— TASK DIRECTIONS —
The full text of the records below, minus any pictures, should be given back word for word.

Stored data entries
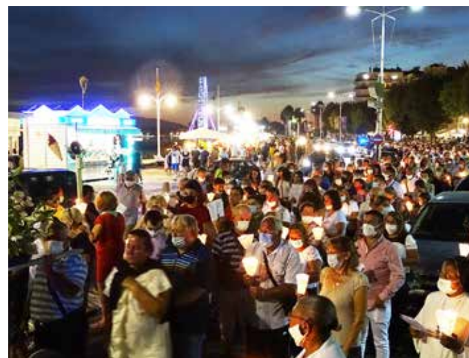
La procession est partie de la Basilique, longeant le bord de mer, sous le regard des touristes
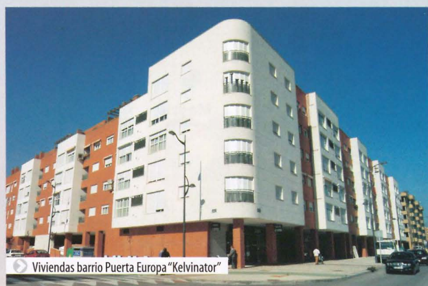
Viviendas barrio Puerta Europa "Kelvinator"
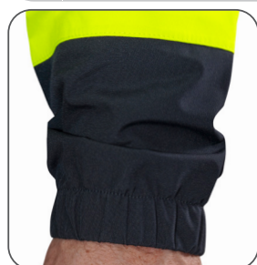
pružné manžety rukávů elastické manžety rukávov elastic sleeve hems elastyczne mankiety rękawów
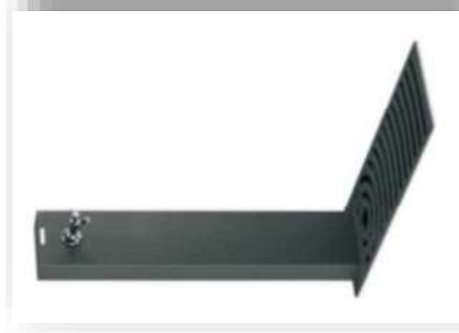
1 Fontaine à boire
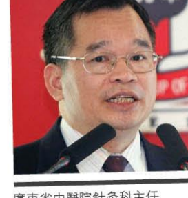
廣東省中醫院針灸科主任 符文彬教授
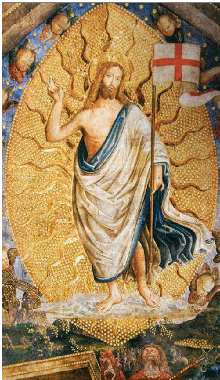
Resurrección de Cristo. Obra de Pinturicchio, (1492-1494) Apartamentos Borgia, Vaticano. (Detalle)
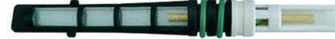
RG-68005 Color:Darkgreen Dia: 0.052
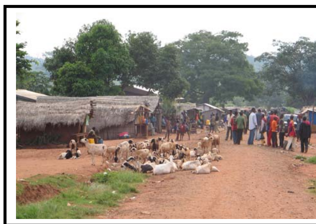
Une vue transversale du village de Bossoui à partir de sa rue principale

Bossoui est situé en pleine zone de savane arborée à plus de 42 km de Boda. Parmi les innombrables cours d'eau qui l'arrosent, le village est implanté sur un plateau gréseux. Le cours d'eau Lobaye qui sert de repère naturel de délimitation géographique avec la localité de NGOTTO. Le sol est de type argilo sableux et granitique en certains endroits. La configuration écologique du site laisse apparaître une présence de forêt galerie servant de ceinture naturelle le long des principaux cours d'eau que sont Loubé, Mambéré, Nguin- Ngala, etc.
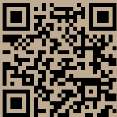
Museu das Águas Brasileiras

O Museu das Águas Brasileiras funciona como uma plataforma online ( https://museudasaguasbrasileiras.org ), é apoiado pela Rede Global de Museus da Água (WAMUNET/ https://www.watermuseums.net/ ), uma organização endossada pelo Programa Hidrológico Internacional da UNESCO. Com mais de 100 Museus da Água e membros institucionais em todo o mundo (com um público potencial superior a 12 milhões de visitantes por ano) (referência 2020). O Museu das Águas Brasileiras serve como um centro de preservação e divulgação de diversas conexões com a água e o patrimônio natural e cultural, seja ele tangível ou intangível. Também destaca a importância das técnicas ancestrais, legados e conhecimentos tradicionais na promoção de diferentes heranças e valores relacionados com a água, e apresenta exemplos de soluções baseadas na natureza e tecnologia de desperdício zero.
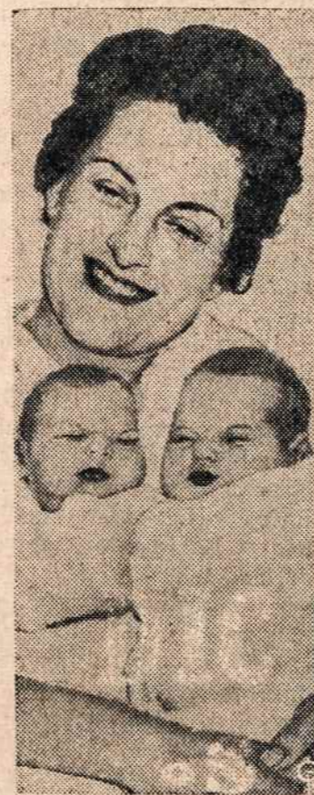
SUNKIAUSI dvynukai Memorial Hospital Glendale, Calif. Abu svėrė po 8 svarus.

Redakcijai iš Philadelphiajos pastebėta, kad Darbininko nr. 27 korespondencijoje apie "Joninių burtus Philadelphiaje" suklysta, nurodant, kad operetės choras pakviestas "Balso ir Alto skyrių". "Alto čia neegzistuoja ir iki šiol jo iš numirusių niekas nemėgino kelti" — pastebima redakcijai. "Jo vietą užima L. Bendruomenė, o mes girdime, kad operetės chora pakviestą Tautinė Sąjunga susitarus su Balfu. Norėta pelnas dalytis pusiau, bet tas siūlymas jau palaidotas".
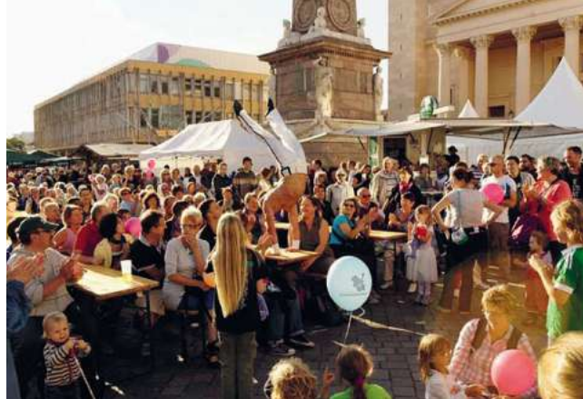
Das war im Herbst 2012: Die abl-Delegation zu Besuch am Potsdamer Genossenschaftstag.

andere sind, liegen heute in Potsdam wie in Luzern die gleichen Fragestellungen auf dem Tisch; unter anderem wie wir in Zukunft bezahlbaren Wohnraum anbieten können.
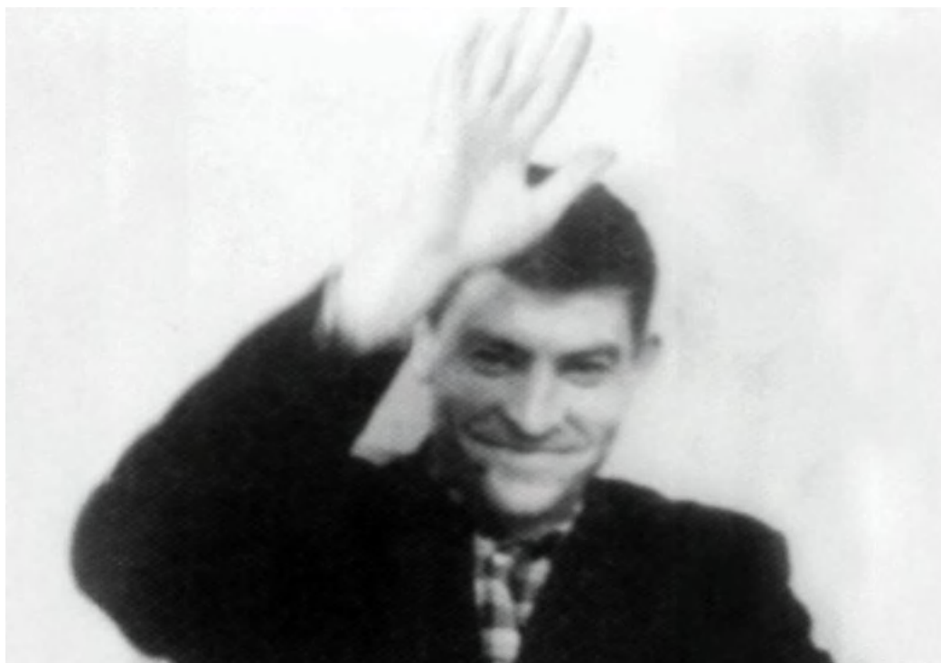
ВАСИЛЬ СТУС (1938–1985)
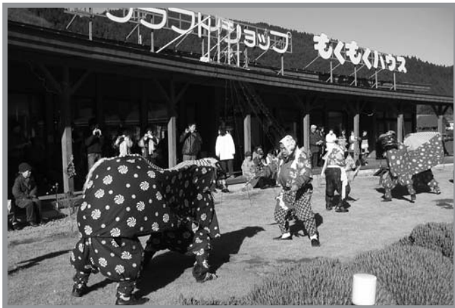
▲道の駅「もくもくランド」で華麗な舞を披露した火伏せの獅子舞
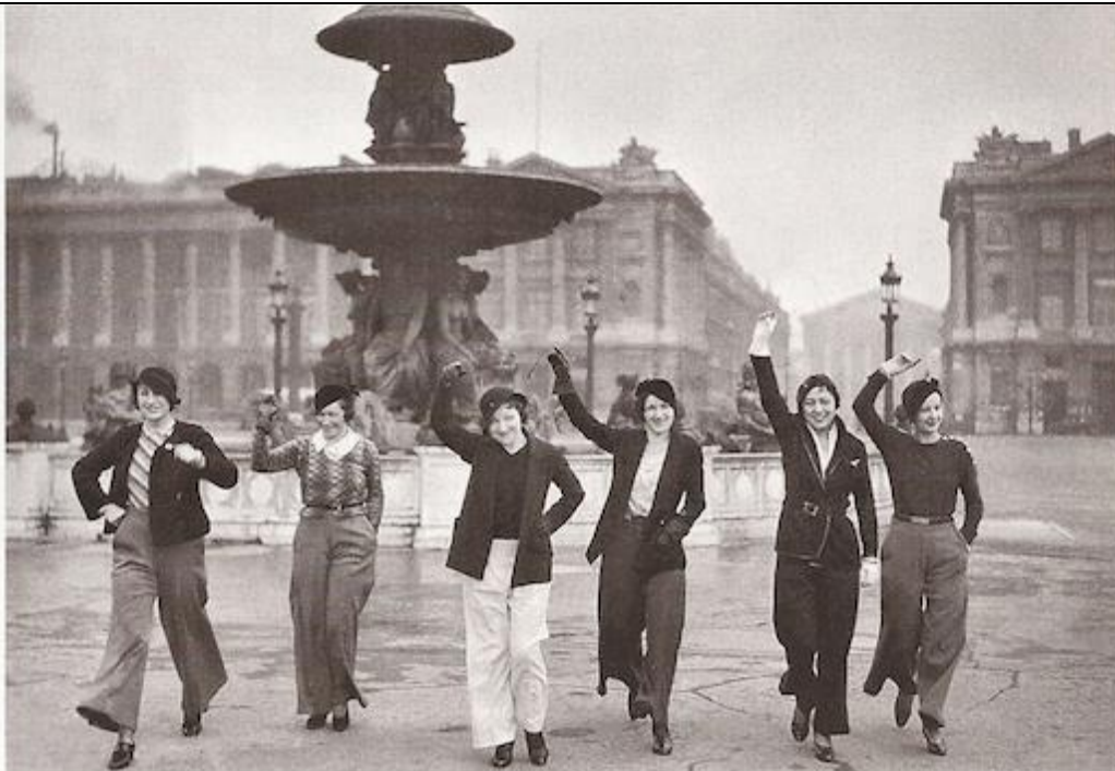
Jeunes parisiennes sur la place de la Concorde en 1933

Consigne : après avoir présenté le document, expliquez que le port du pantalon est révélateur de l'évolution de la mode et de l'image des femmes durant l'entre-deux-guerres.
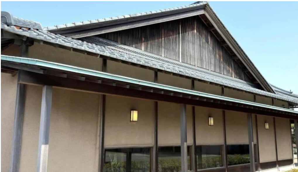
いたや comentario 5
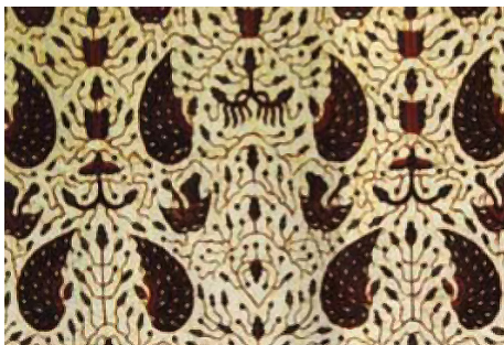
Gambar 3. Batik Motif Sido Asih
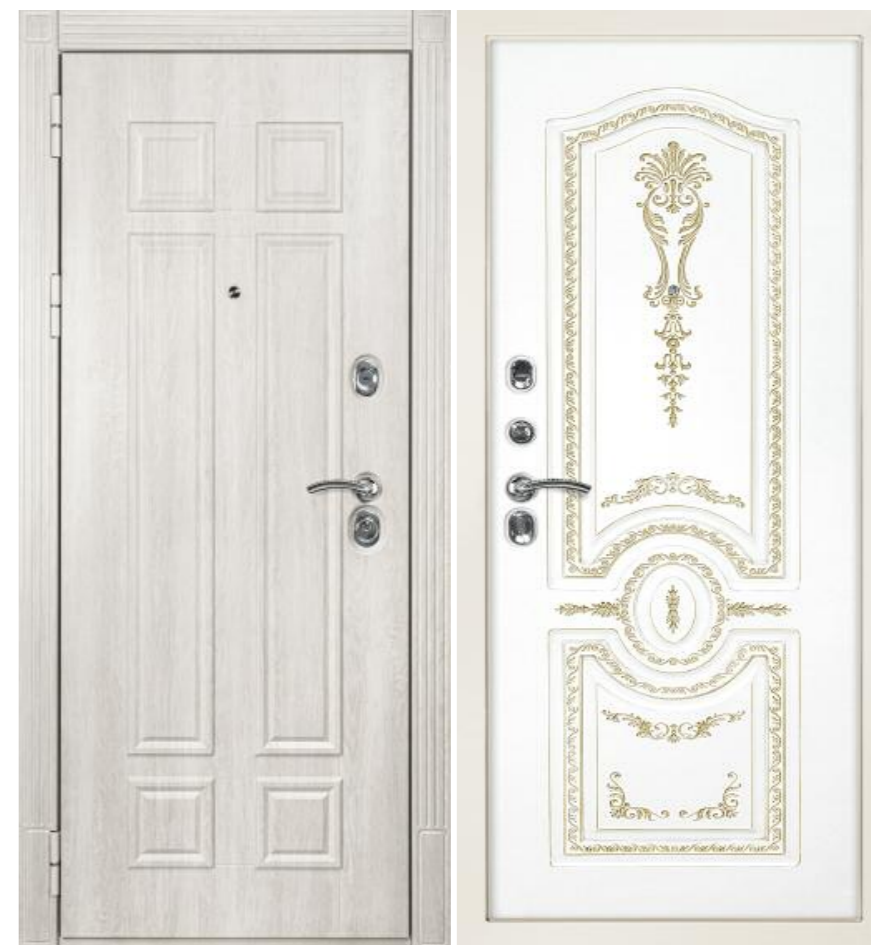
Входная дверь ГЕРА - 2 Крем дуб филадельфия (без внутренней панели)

— RESPONSE —
La procession est partie de la Basilique, longeant le bord de mer, sous le regard des touristes
Viviendas barrio Puerta Europa "Kelvinator"
pružné manžety rukávů elastické manžety rukávov elastic sleeve hems elastyczne mankiety rękawów
1 Fontaine à boire
廣東省中醫院針灸科主任 符文彬教授
Resurrección de Cristo. Obra de Pinturicchio, (1492-1494) Apartamentos Borgia, Vaticano. (Detalle)
RG-68005 Color:Darkgreen Dia: 0.052
Une vue transversale du village de Bossoui à partir de sa rue principale

Bossoui est situé en pleine zone de savane arborée à plus de 42 km de Boda. Parmi les innombrables cours d'eau qui l'arrosent, le village est implanté sur un plateau gréseux. Le cours d'eau Lobaye qui sert de repère naturel de délimitation géographique avec la localité de NGOTTO. Le sol est de type argilo sableux et granitique en certains endroits. La configuration écologique du site laisse apparaître une présence de forêt galerie servant de ceinture naturelle le long des principaux cours d'eau que sont Loubé, Mambéré, Nguin- Ngala, etc.
Museu das Águas Brasileiras

O Museu das Águas Brasileiras funciona como uma plataforma online ( https://museudasaguasbrasileiras.org ), é apoiado pela Rede Global de Museus da Água (WAMUNET/ https://www.watermuseums.net/ ), uma organização endossada pelo Programa Hidrológico Internacional da UNESCO. Com mais de 100 Museus da Água e membros institucionais em todo o mundo (com um público potencial superior a 12 milhões de visitantes por ano) (referência 2020). O Museu das Águas Brasileiras serve como um centro de preservação e divulgação de diversas conexões com a água e o patrimônio natural e cultural, seja ele tangível ou intangível. Também destaca a importância das técnicas ancestrais, legados e conhecimentos tradicionais na promoção de diferentes heranças e valores relacionados com a água, e apresenta exemplos de soluções baseadas na natureza e tecnologia de desperdício zero.
SUNKIAUSI dvynukai Memorial Hospital Glendale, Calif. Abu svėrė po 8 svarus.

Redakcijai iš Philadelphiajos pastebėta, kad Darbininko nr. 27 korespondencijoje apie "Joninių burtus Philadelphiaje" suklysta, nurodant, kad operetės choras pakviestas "Balso ir Alto skyrių". "Alto čia neegzistuoja ir iki šiol jo iš numirusių niekas nemėgino kelti" — pastebima redakcijai. "Jo vietą užima L. Bendruomenė, o mes girdime, kad operetės chora pakviestą Tautinė Sąjunga susitarus su Balfu. Norėta pelnas dalytis pusiau, bet tas siūlymas jau palaidotas".
Das war im Herbst 2012: Die abl-Delegation zu Besuch am Potsdamer Genossenschaftstag.

andere sind, liegen heute in Potsdam wie in Luzern die gleichen Fragestellungen auf dem Tisch; unter anderem wie wir in Zukunft bezahlbaren Wohnraum anbieten können.
ВАСИЛЬ СТУС (1938–1985)
▲道の駅「もくもくランド」で華麗な舞を披露した火伏せの獅子舞
Jeunes parisiennes sur la place de la Concorde en 1933

Consigne : après avoir présenté le document, expliquez que le port du pantalon est révélateur de l'évolution de la mode et de l'image des femmes durant l'entre-deux-guerres.
いたや comentario 5
Gambar 3. Batik Motif Sido Asih
Входная дверь ГЕРА - 2 Крем дуб филадельфия (без внутренней панели)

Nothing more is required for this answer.